- Company Name
- Change Digital – Digital & Tech Recruitment
- Job Title
- Cloud Engineering Lead
- Job Description
-
**Job Title:** Cloud Engineering Lead
**Role Summary:**
Lead a high‑performing Cloud Operations team that manages 24×7 AWS production environments across multiple regions. Own availability, security, and operational excellence, driving an automation‑first culture where all maintenance, compliance, and incident response are delivered through code and CI/CD pipelines.
**Expactations:**
- Minimum 5‑years of leadership in Cloud Operations with proven experience managing production workloads in AWS, ideally across multiple regions.
- Strong background in Infrastructure as Code (Terraform) and CI/CD for infrastructure, including policy‑as‑code, automated testing, and safe rollback strategies.
- Deep knowledge of AWS networking, DNS (Route 53, resolvers), high‑availability design, and disaster recovery.
- Solid security foundation (IAM, KMS, patching, vulnerability management) and hands‑on incident/on‑call experience with blameless post‑mortems.
- Proficiency in scripting (Python or Bash) and pragmatic approach to cost, capacity, and reliability management.
**Key Responsibilities:**
- Lead and mentor a Cloud Ops team, setting goals, SLOs, and fostering a culture of continuous improvement.
- Design and implement resilient, fault‑tolerant architectures (networking, DNS, failover, DR) across multi‑region estates.
- Codify runbooks, policies, and compliance controls; enforce changes via Git‑based CI/CD pipelines with automated testing and approvals.
- Reduce MTTR by implementing comprehensive observability and alerting for all workloads.
- Partner with Security to define and enforce guardrails (IAM, KMS, patching, vulnerability management).
- Automate routine maintenance tasks (patching, certificate rotation, backup/restore validation, EOL upgrades).
- Develop reusable building blocks and standards; collaborate with Architecture, Security, Development, Data, and Operations teams.
**Required Skills:**
- Leadership of Cloud Ops teams in AWS (24×7, multi‑region).
- Terraform, CloudFormation, or equivalent IaC tooling.

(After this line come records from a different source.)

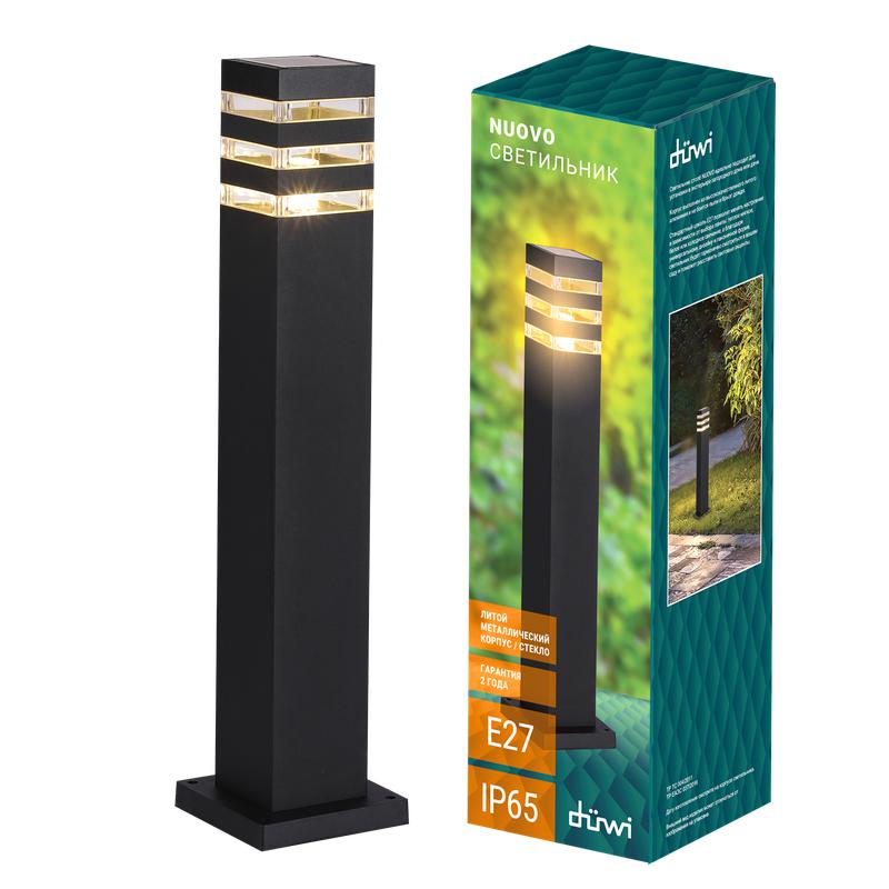 Светильник NUOVO Е27 IP65 90х90х610мм алюм./стекло столб садово-парков. черн. Duwi 24397 7
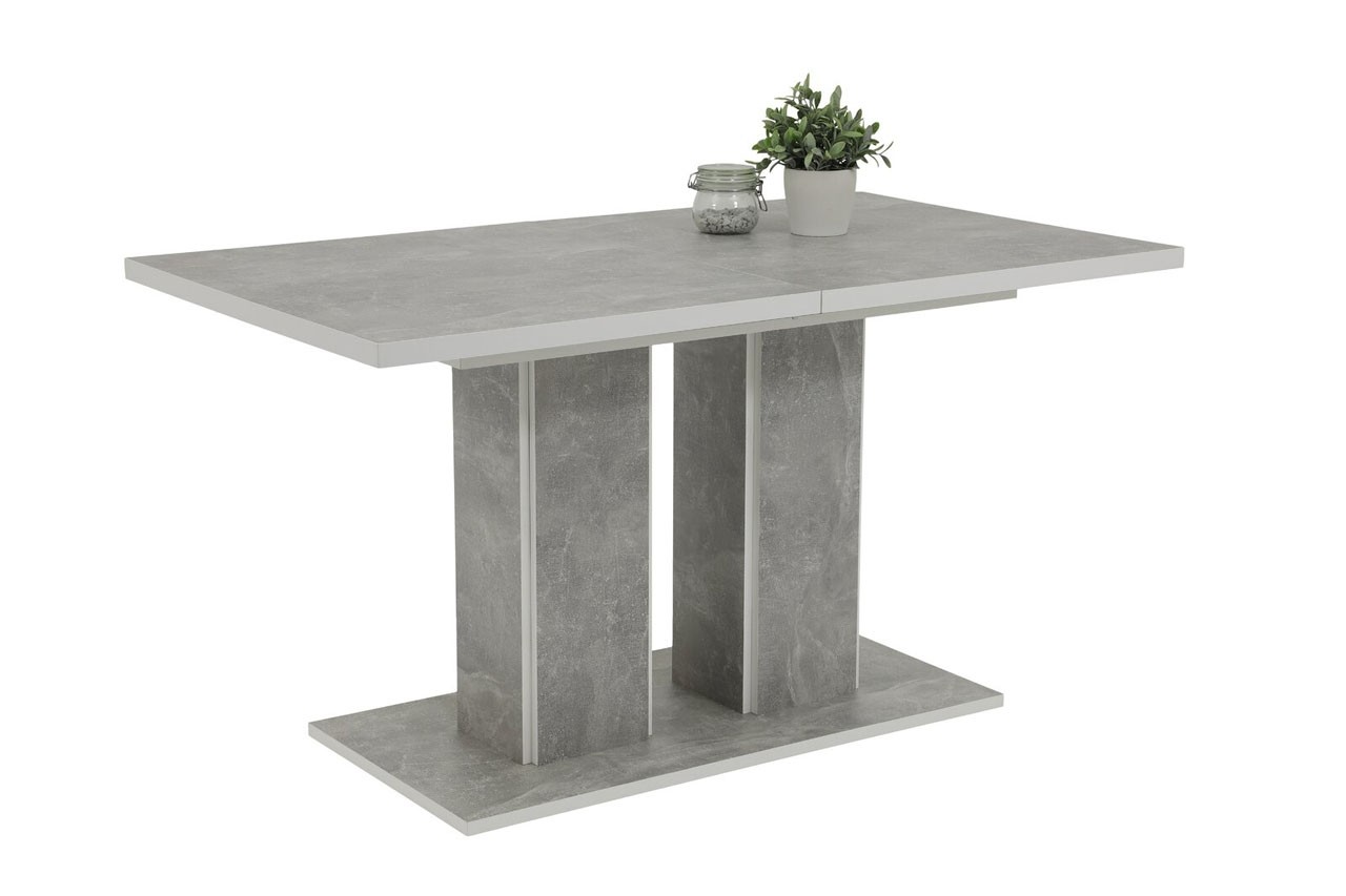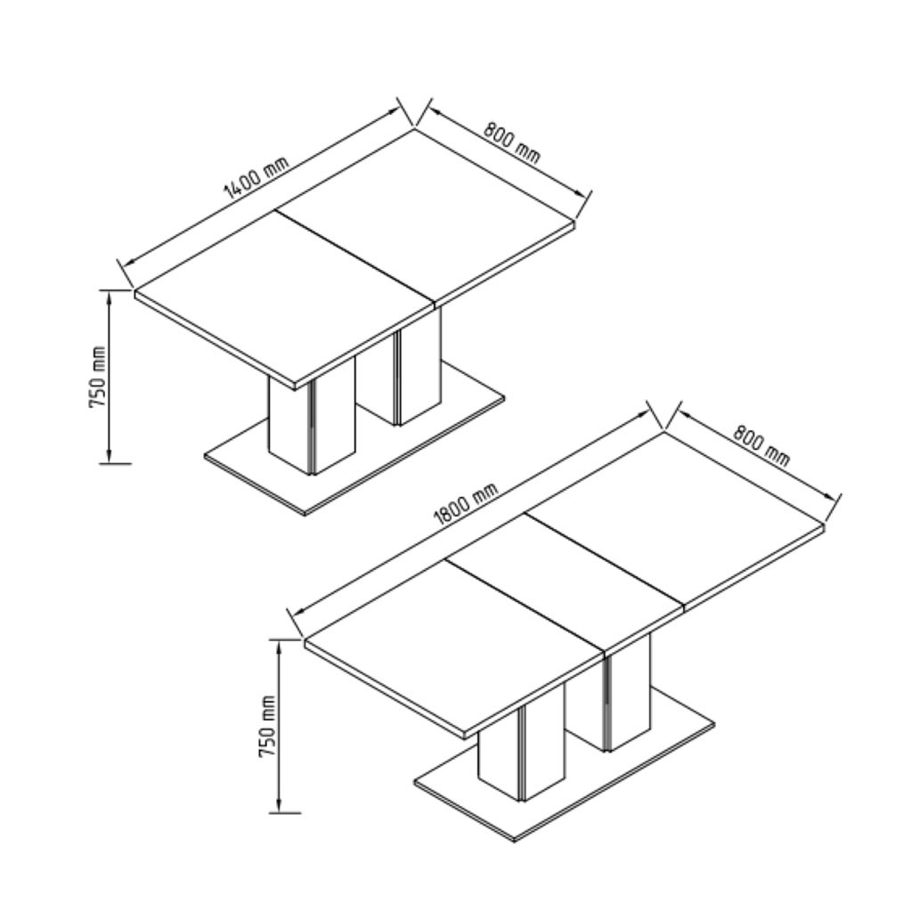 Raztegljiva jedilna miza TURIN vas bo navdušila s svojim modernim dizajnom in atraktivnim vzorcem betona. Preprost podaljšek na sredini mize jo iz 140 cm raztegne na 180 cm, tako da bodo vsi vaši gostje lahko udobno sedeli za njo in uživali med druženjem. Dodatno stabilnost mize zagotavljata dva stolpa sodobnega dizajna ki se nahajata na sredini mize, in držita namizno ploščo.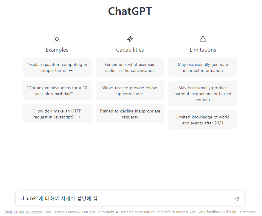 질문내용은 “chatGPT에 대하여 자세히 설명해 줘”였습니다.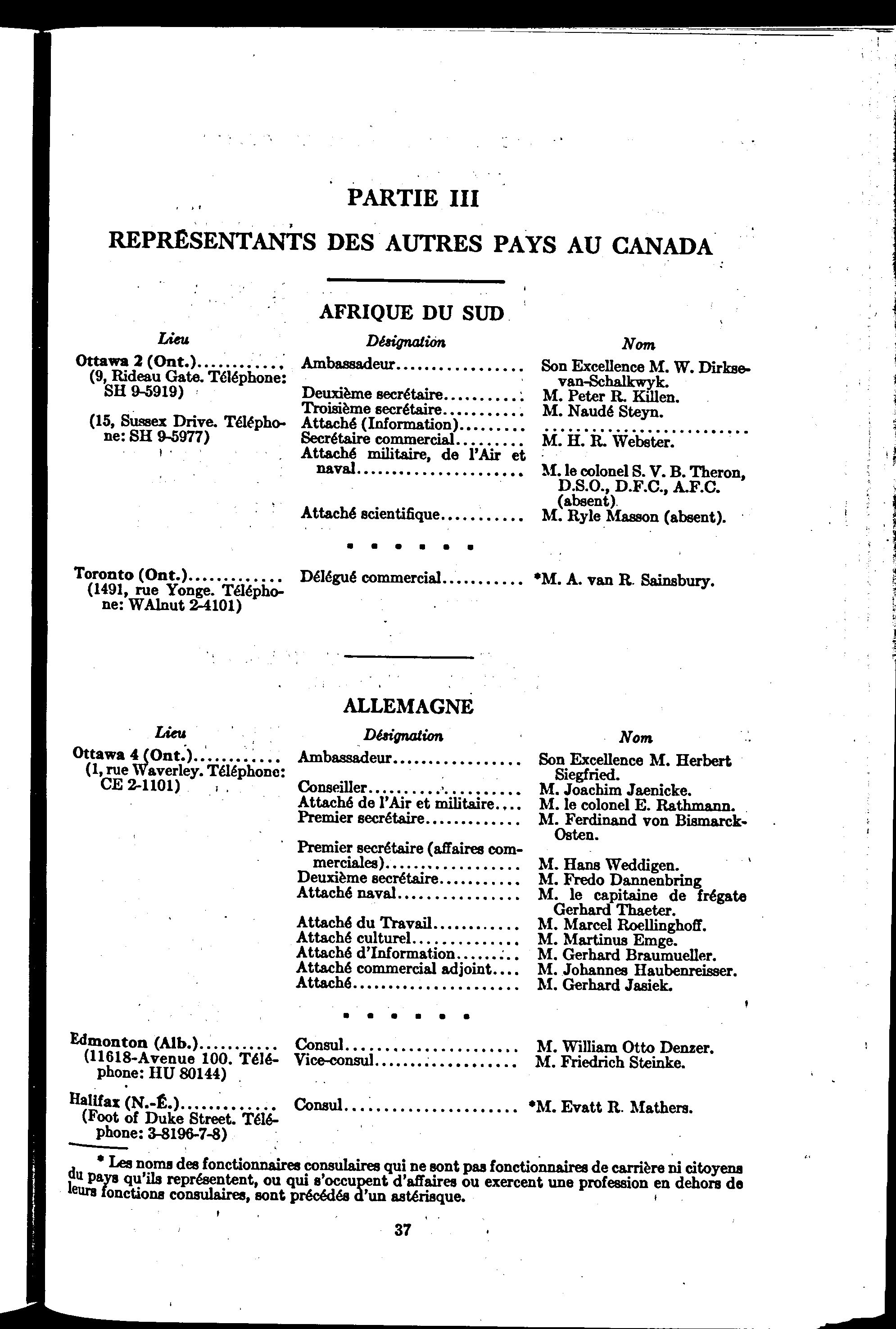 Canadian representatives abroad and representatives of other countries in Canada / Department of External Affairs. 1961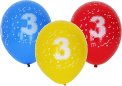 Balónik nafukovací 30cm - sada 5ks, s číslom 3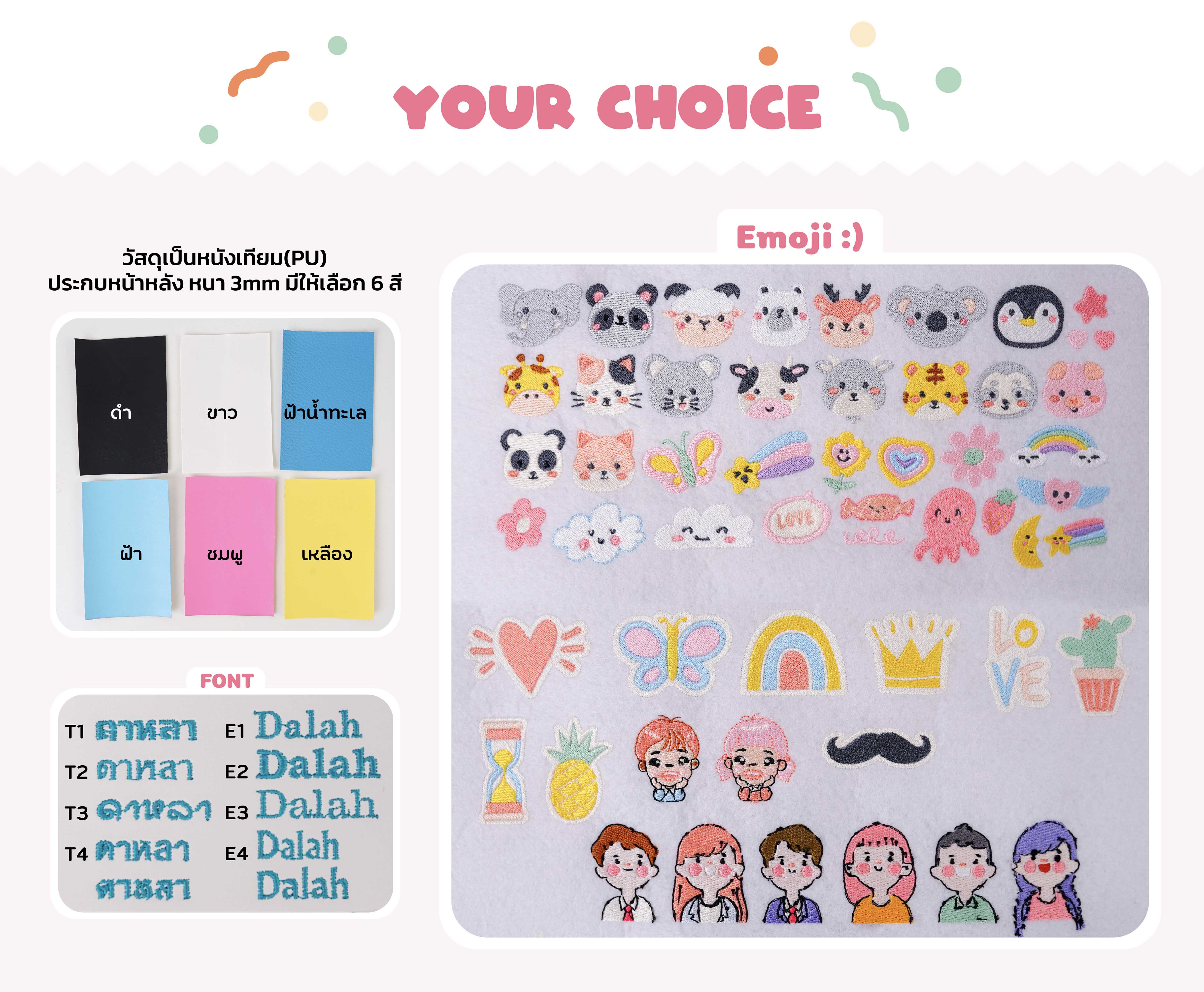 งานแบบทั้ง 5 แบบนั้นลูกค้าสามารถเปลี่ยนชื่อที่ปักลายได้ สามารถเลือกฟอนต์ เลือกลาย และที่สำคัญร้าน iDuckyshop ยังมีหนัง PU ให้เลือกถึง 6 สีอีกด้วยน้า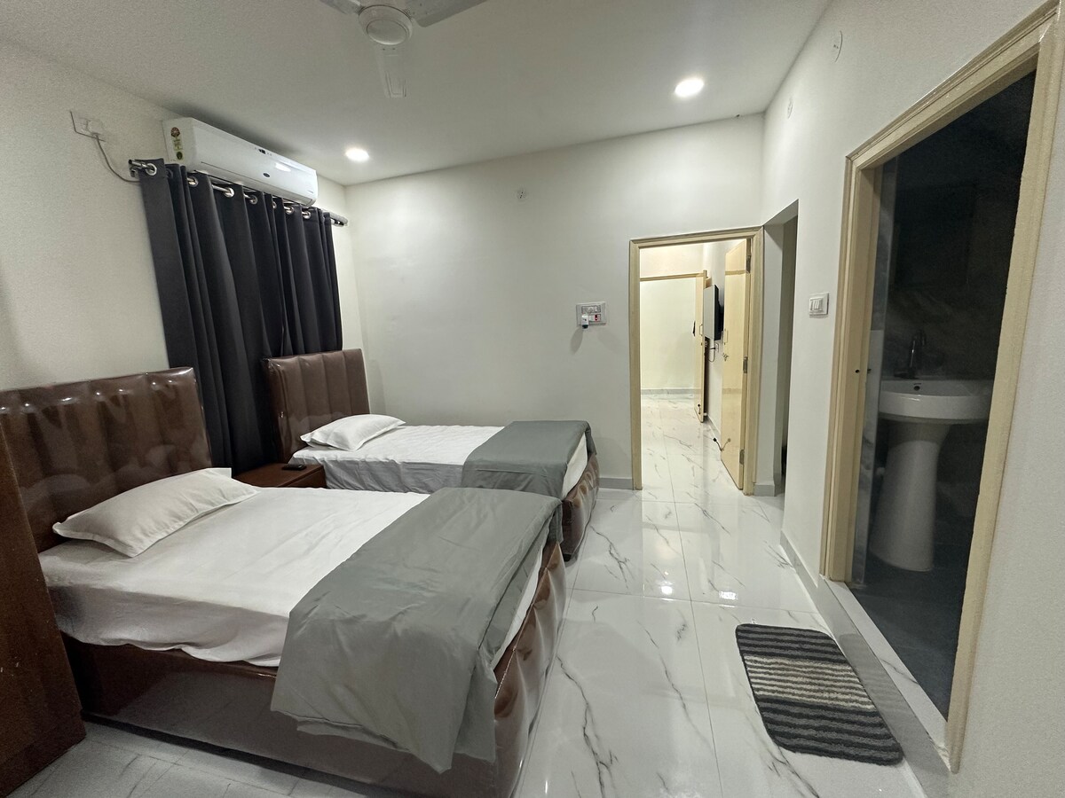 Experience luxury and comfort in our Executive Suite in Hyderabad, This elegantly furnished suite features a spacious bedroom, modern ensuite bathroom, high-speed Wi-Fi, air conditioning, and a dedicated work desk. Located in a prime area with easy access to IT hubs, shopping centers, and restaurants, it offers both convenience and class. Enjoy daily housekeeping, 24/7 security, and a peaceful environment ideal for work or relaxation.

- Git‑based workflow, CI/CD for infrastructure (CodePipeline, GitHub Actions, Jenkins).
- AWS networking: VPC, subnets, routing, Transit Gateway/Cloud WAN, Route 53, health checks.
- IAM, KMS, secrets management, patch baselines, vulnerability scanning.
- Incident management, on‑call, post‑mortem.
- Python or Bash scripting.
- Cost and capacity optimization practices.
**Required Education & Certifications:**
- Bachelor’s degree in Computer Science, Engineering, or equivalent technical experience.
- AWS Certified Solutions Architect – Professional or equivalent cloud certification highly preferred.